◆ DATASET CONTENT:
◆ ◆ ◆ ◆
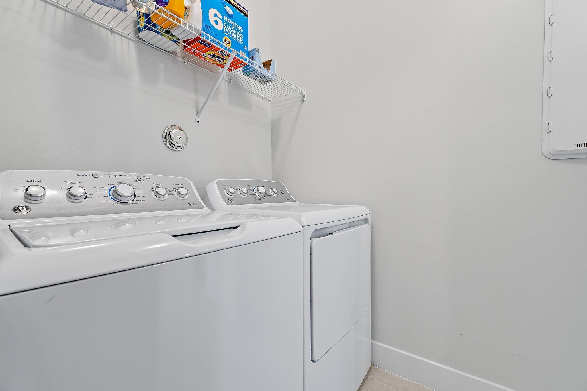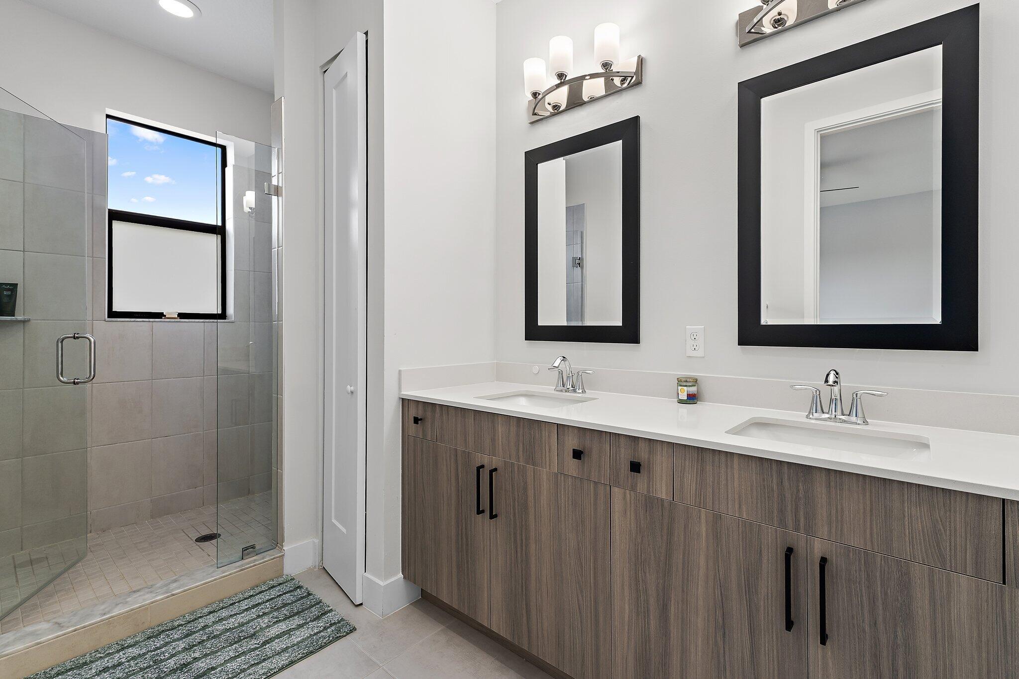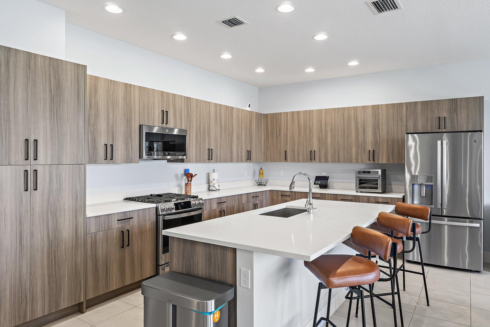 Newly constructed in 2023- this 4 bedroom, 3.5 bath, 2 car garage CBS home is designed for both style and comfort. Inside, the open-concept design features tile flooring throughout, a gourmet kitchen with upgraded cabinetry, farmhouse sink, quartz countertops, and a gas range. A private guest suite with full bath is conveniently located on the first floor, while the upstairs hosts the primary suite, two additional bedrooms, 2 full baths, oversized loft, custom bedroom closet built-ins, and laundry room with mud sink. Step outside to your own private oasis featuring a brand-new oversized saltwater pool with heated infinity spa, and splash pad, all overlooking serene lake views. The fully fenced yard and spacious covered patio create the perfect space for outdoor entertaining.
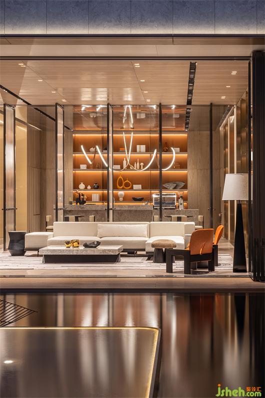 售樓處操作方式有別于以往的臨時性建筑,利用天然的地勢高差將主建筑的負一層打造為售樓處,采用私人社交俱樂部的營運設定結合高定化會所機能,未來售樓階段結束后直接轉化為會所,交由專業(yè)營運機構采用會員制運營,為小區(qū)提供社交空間。
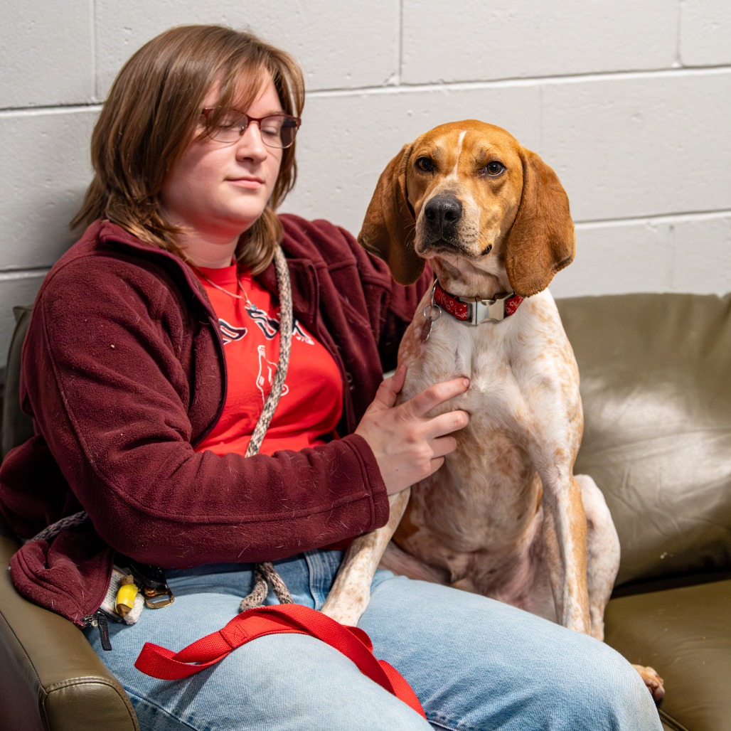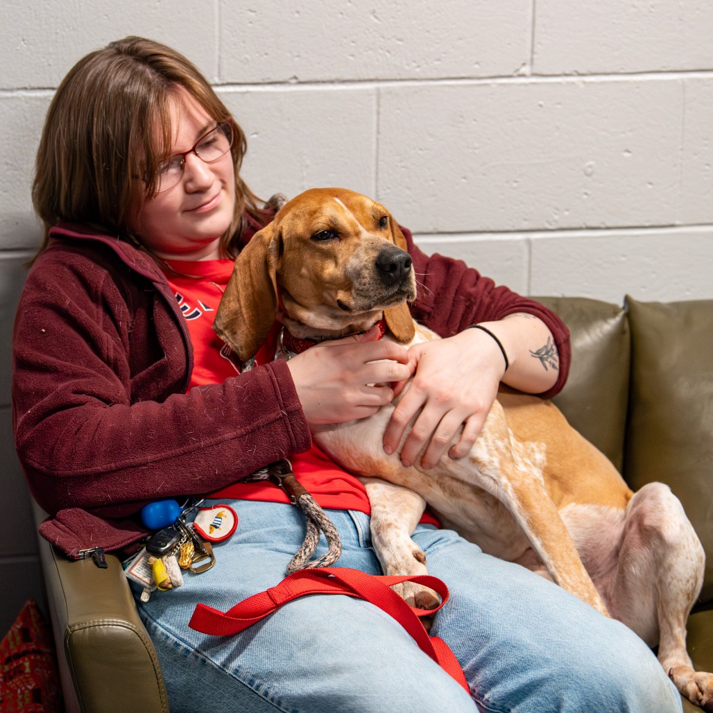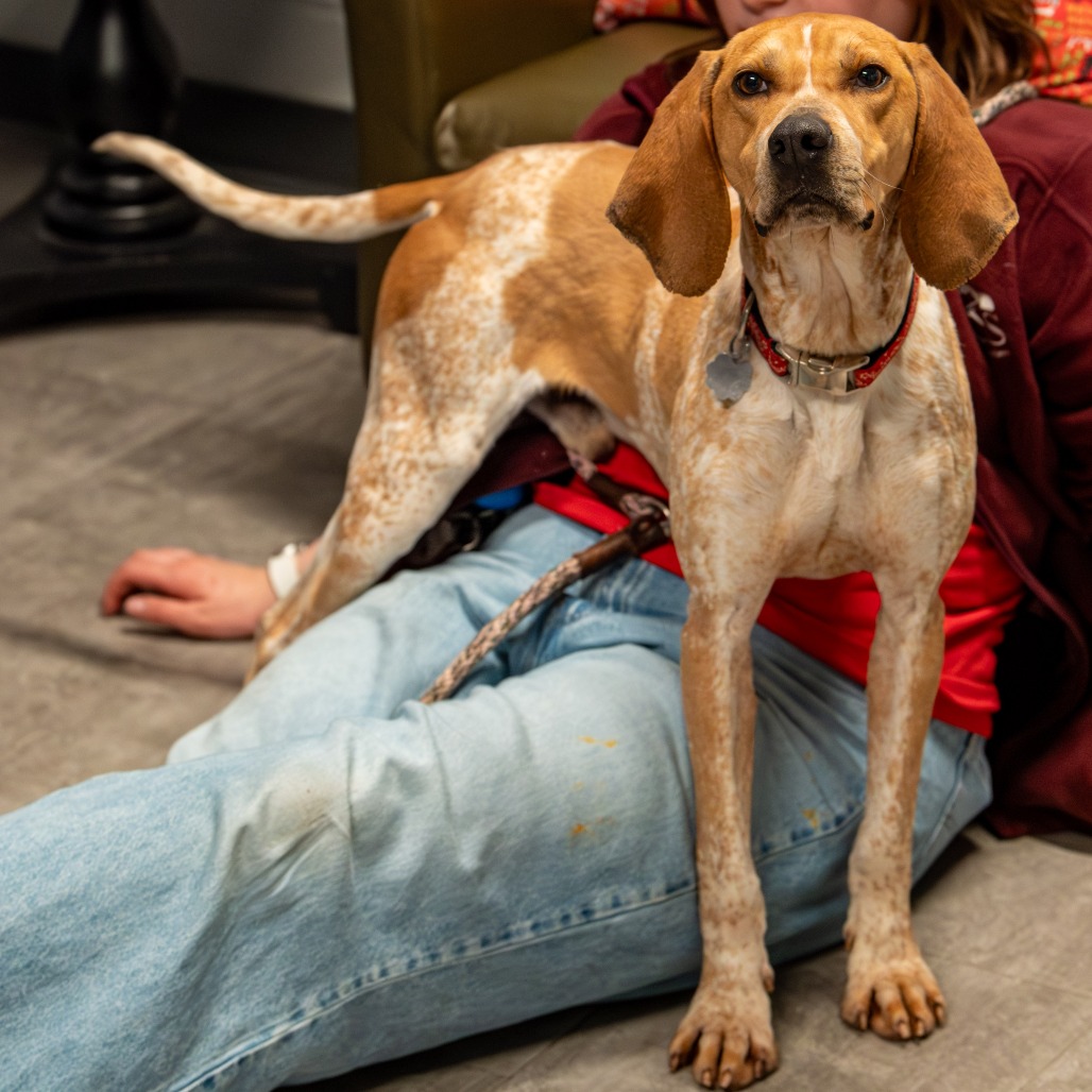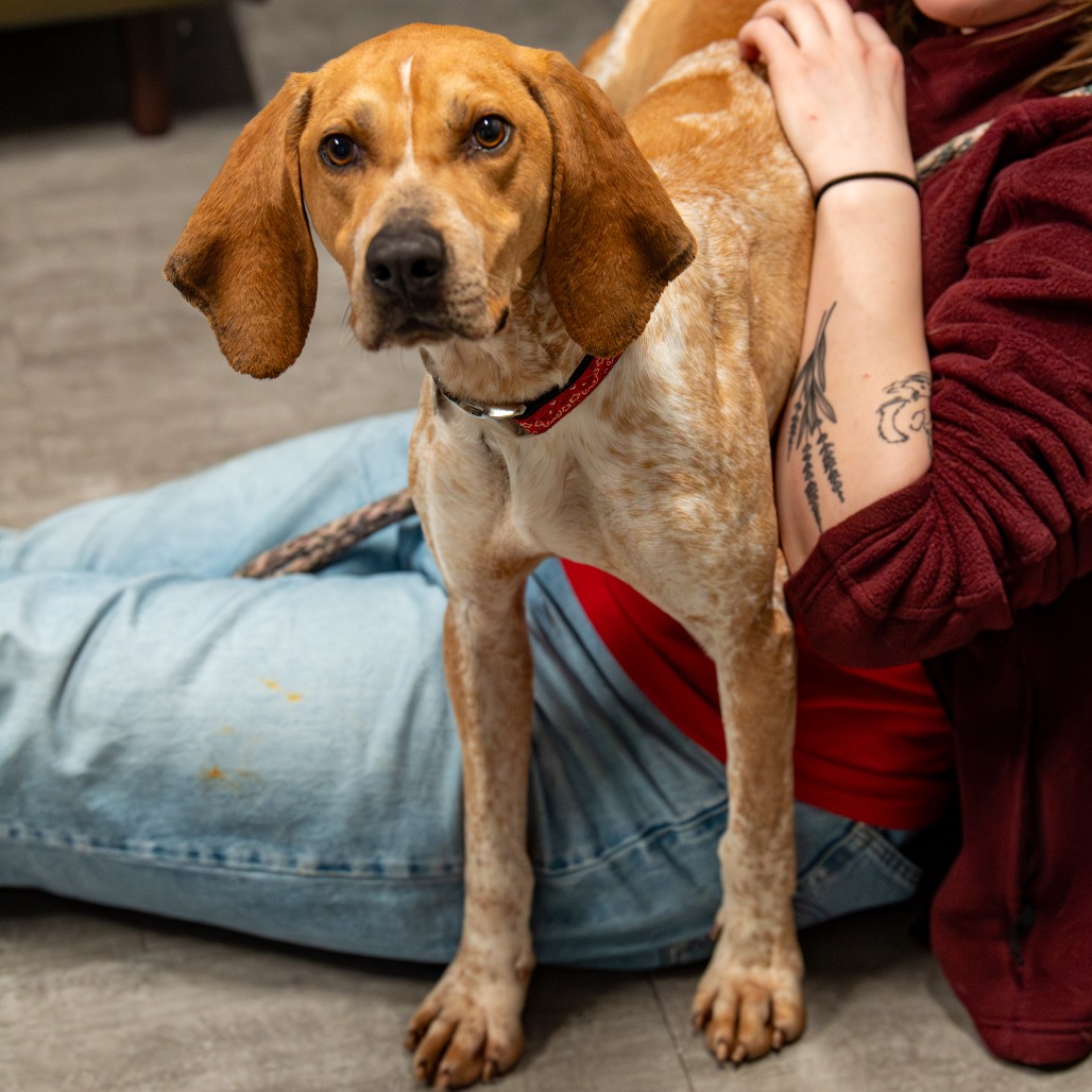 Nitro is a young Coonhound with a sweet and gentle nature. He enjoys staying active and using his nose to explore the world around him. He can be a little shy at first, but once he starts to feel comfortable, his affectionate and snuggly side really shines.
◆ ◆ ◆ ◆
◆ TASK DIRECTIONS:
Give the listing again word for word. Skip any pictures.

◆ ANSWER TO THE PROBLEM:
 Newly constructed in 2023- this 4 bedroom, 3.5 bath, 2 car garage CBS home is designed for both style and comfort. Inside, the open-concept design features tile flooring throughout, a gourmet kitchen with upgraded cabinetry, farmhouse sink, quartz countertops, and a gas range. A private guest suite with full bath is conveniently located on the first floor, while the upstairs hosts the primary suite, two additional bedrooms, 2 full baths, oversized loft, custom bedroom closet built-ins, and laundry room with mud sink. Step outside to your own private oasis featuring a brand-new oversized saltwater pool with heated infinity spa, and splash pad, all overlooking serene lake views. The fully fenced yard and spacious covered patio create the perfect space for outdoor entertaining.
 售樓處操作方式有別于以往的臨時性建筑,利用天然的地勢高差將主建筑的負一層打造為售樓處,采用私人社交俱樂部的營運設定結合高定化會所機能,未來售樓階段結束后直接轉化為會所,交由專業(yè)營運機構采用會員制運營,為小區(qū)提供社交空間。
 Nitro is a young Coonhound with a sweet and gentle nature. He enjoys staying active and using his nose to explore the world around him. He can be a little shy at first, but once he starts to feel comfortable, his affectionate and snuggly side really shines.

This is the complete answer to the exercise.